PipelineProfiler: A Visual Analytics Tool for the Exploration of AutoML Pipelines

Jorge Piazentin Ono, Sonia Castelo Quispe, Roque Lopez, Enrico Bertini, Juliana Freire, Claudio Silva

View presentation:2020-10-27T19:00:00ZGMT-0600Change your timezone on the schedule page
2020-10-27T19:00:00Z
Exemplar figure
PipelineProfiler applied to the analysis of binary classification pipelines A) The system is integrated with Jupyter Notebook and can be invoked with one line of code. B) PipelineProfiler menu C) Pipeline Matrix: C1) Primitives (columns) used by the pipelines (rows). C2) Tooltip showing the metadata and hyperparameters for a primitive. C3) One-hot-encoded hyperparameters (columns) for the primitive Xgboost Gbtree across pipelines (rows). C4) Pipeline scores: users can select different metrics to rank pipelines. C5) Primitive Contribution View, showing correlations between primitive usage and pipeline scores. D) Pipeline Comparison View: visual comparison of the top-3 scoring pipelines.
Fast forward

Direct link to video on YouTube: https://youtu.be/0FlwKtToYLQ

Keywords

Automatic Machine Learning, Pipeline Visualization, Model Evaluation

Abstract

In recent years, a wide variety of automated machine learning (AutoML) methods have been proposed to generate end-to-end ML pipelines. While these techniques facilitate the creation of models, given their black-box nature, the complexity of the underlying algorithms, and the large number of pipelines they derive, they are difficult for developers to debug.
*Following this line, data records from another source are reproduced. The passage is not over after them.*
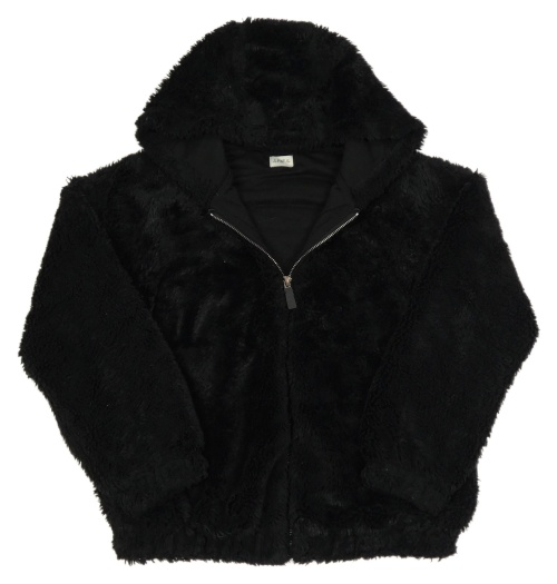 Čierna chlpatá podšitá bunda s kapucňou F&F
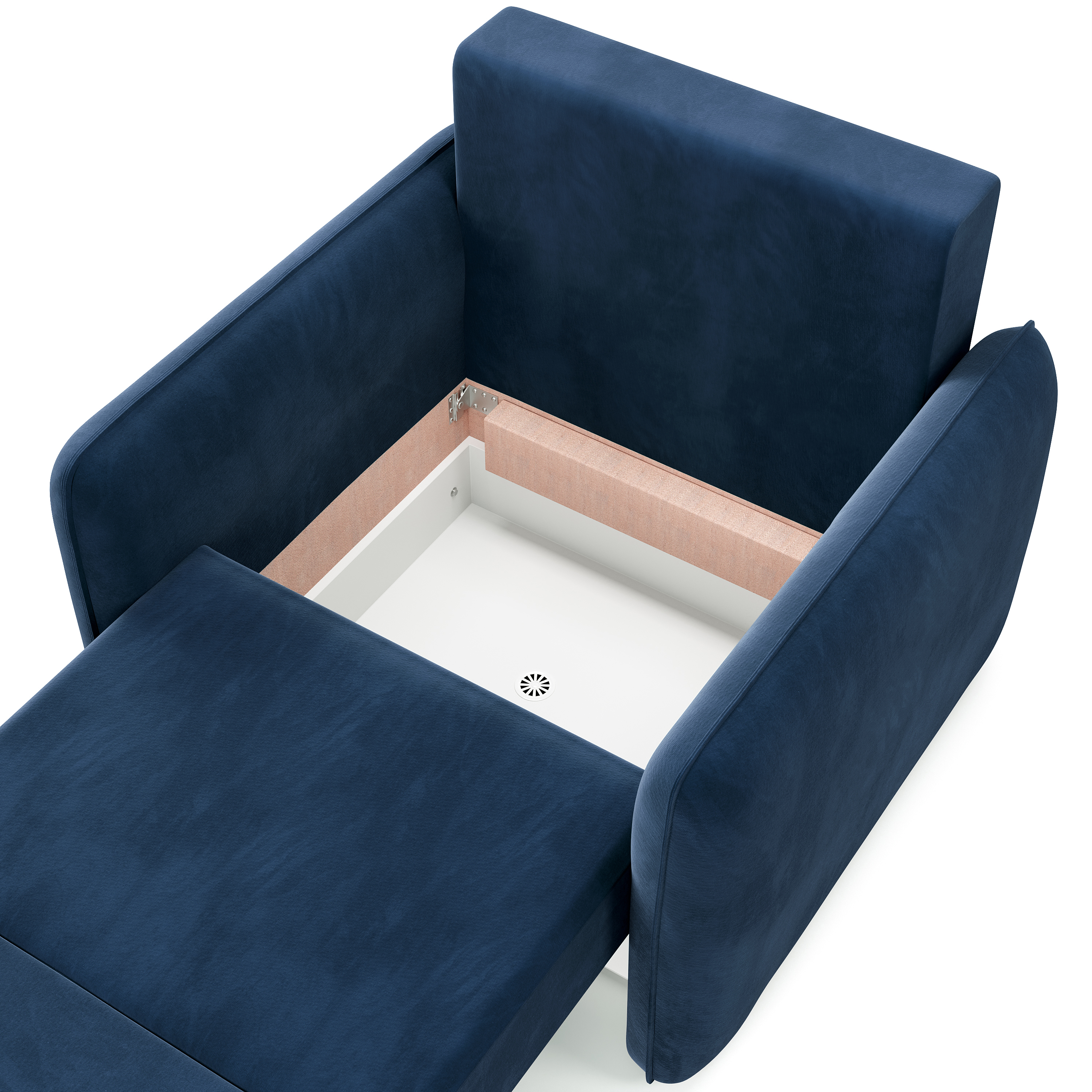 В конструкции кресла используются материалы из натурального дерева, которые гарантируют экологичность и прочность каркаса. Под сиденьем предусмотрен бельевой ящик, в который можно убрать постельное белье.
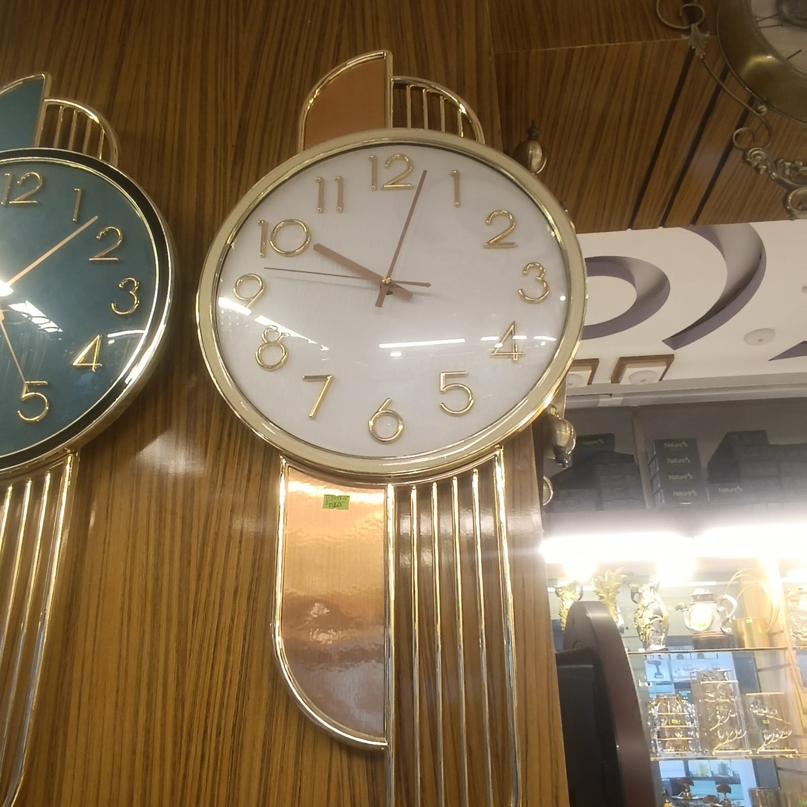 🕰️ Fiber & Glass Made Gold white & Gold green Color Wall Clock
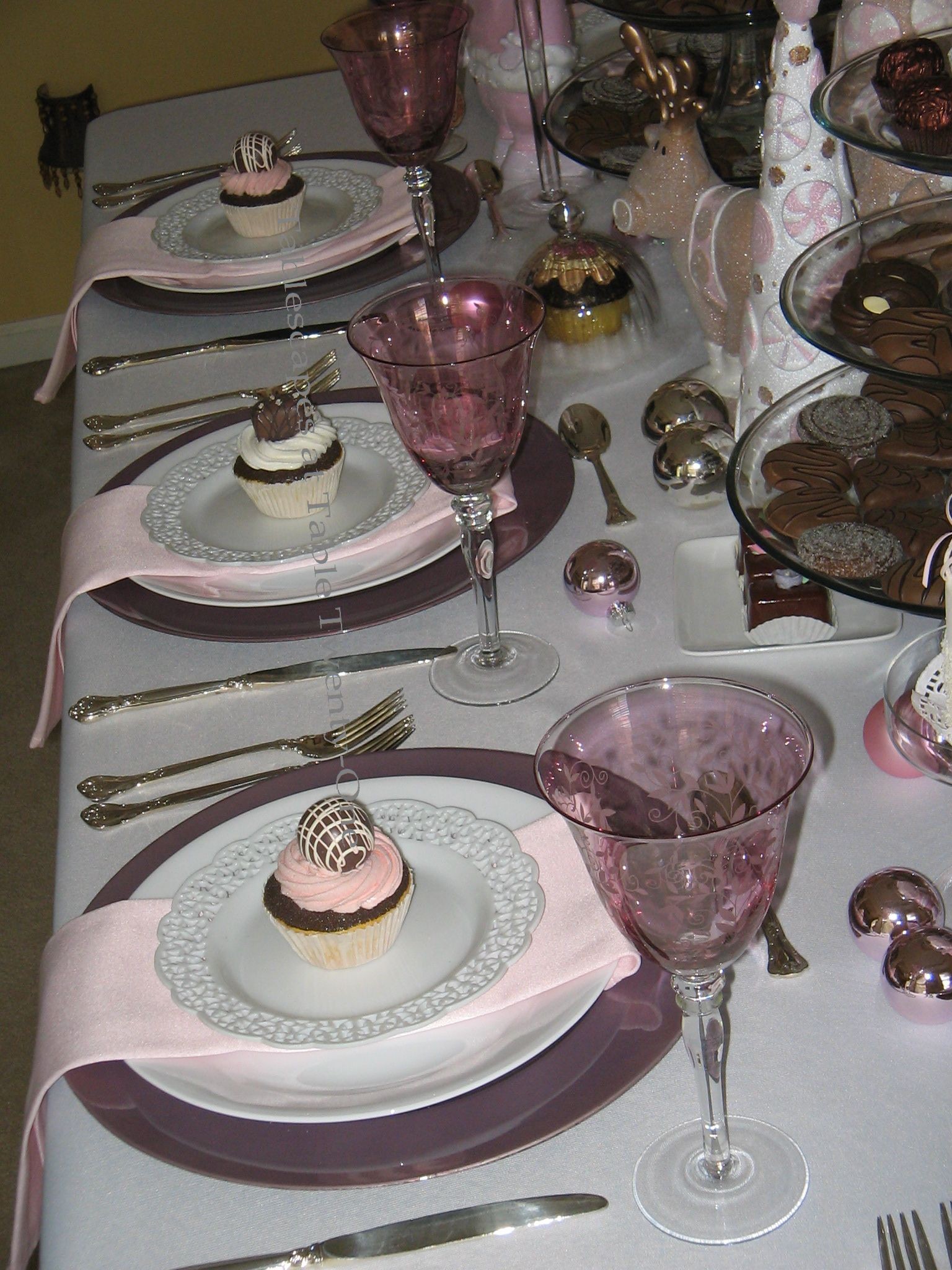 Each place setting begins with a lavender acrylic charger from Michael’s Craft Store. A plain white Corelle dinner plate is separated from the lacy white Pier 1 plate with a shot of pastel pink found in the napkin. The bon-bon topped cupcake is the final ingredient to create this pink, purple and chocolate Christmas setting. The silver flatware is very dressy…one of those “grown up” touches to keep the look from becoming too cutesy for teens and tweeners. No menus used. They’re teens, so you can just text them! 😉
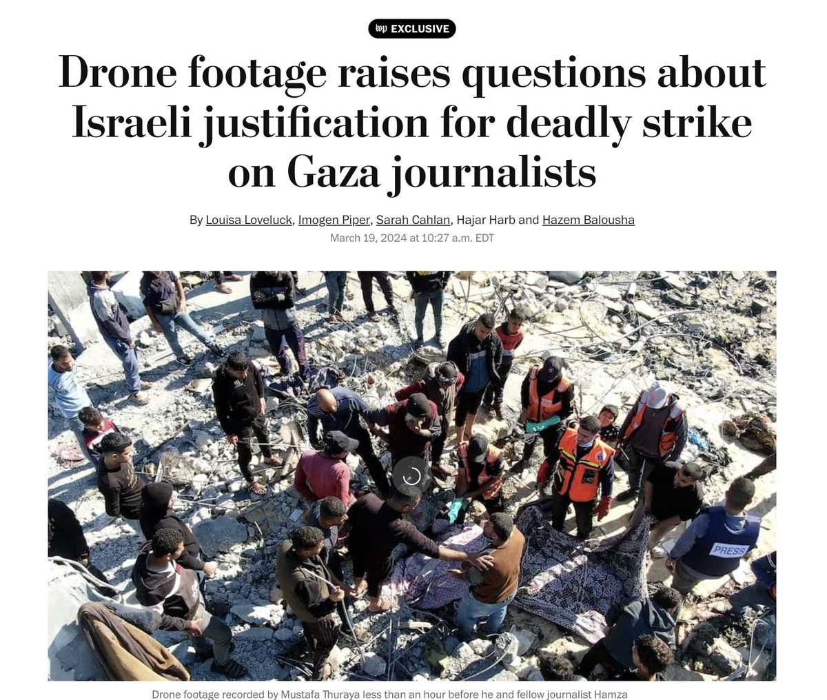 18\ In Jan, Israel assassinated Wael al-Dahdouh's eldest son & journalist Hamza in Rafah & claimed he was a PIJ militant filming IDF troops with a drone. Washington Post found that Israel lied again & Hamza only filmed a destroyed building & were unaware of any IDF troops in the area https://www.washingtonpost.com/world/2024/03/19/gaza-journalists-killed-israel-al-jazeera-footage/
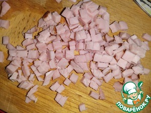 Нарезать карбонад мелкими кубиками. Уложить в салатницу.
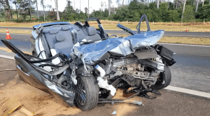 Um carro ficou totalmente destruído após bater na traseira de uma carreta, na tarde desta terça-feira (14), na Rodovia Comandante João Ribeiro de Barros, a SP-225, em Pederneiras (SP). O motorista do veículo disse ter cochilado ao volante.
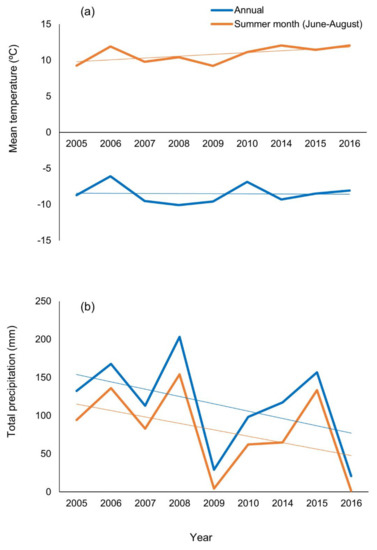 Mean air temperature changed little from year to year, with the highest recorded in 2006 and the lowest in 2008 (Figure 2a). Summer temperatures from June to August increased from 2005 to 2016, with the highest in 2006 and lowest in 2009. Mean annual and summer precipitation declined from 2005 to 2016, with the highest in 2008 and lowest in 2016 (Figure 2b).

It is also challenging for machine learning experts to select an AutoML system that is well suited for a given problem. In this paper, we present the PipelineProfiler, an interactive visualization tool that allows the exploration and comparison of the solution space of machine learning (ML) pipelines produced by AutoML systems. PipelineProfiler is integrated with Jupyter Notebook and can be combined with common data science tools to enable a rich set of analyses of the ML pipelines, providing users a better understanding of the algorithms that generated them as well as insights into how they can be improved. We demonstrate the utility of our tool through use cases where PipelineProfiler is used to better understand and improve a real-world AutoML system. Furthermore, we validate our approach by presenting a detailed analysis of a think-aloud experiment with six data scientists who develop and evaluate AutoML tools.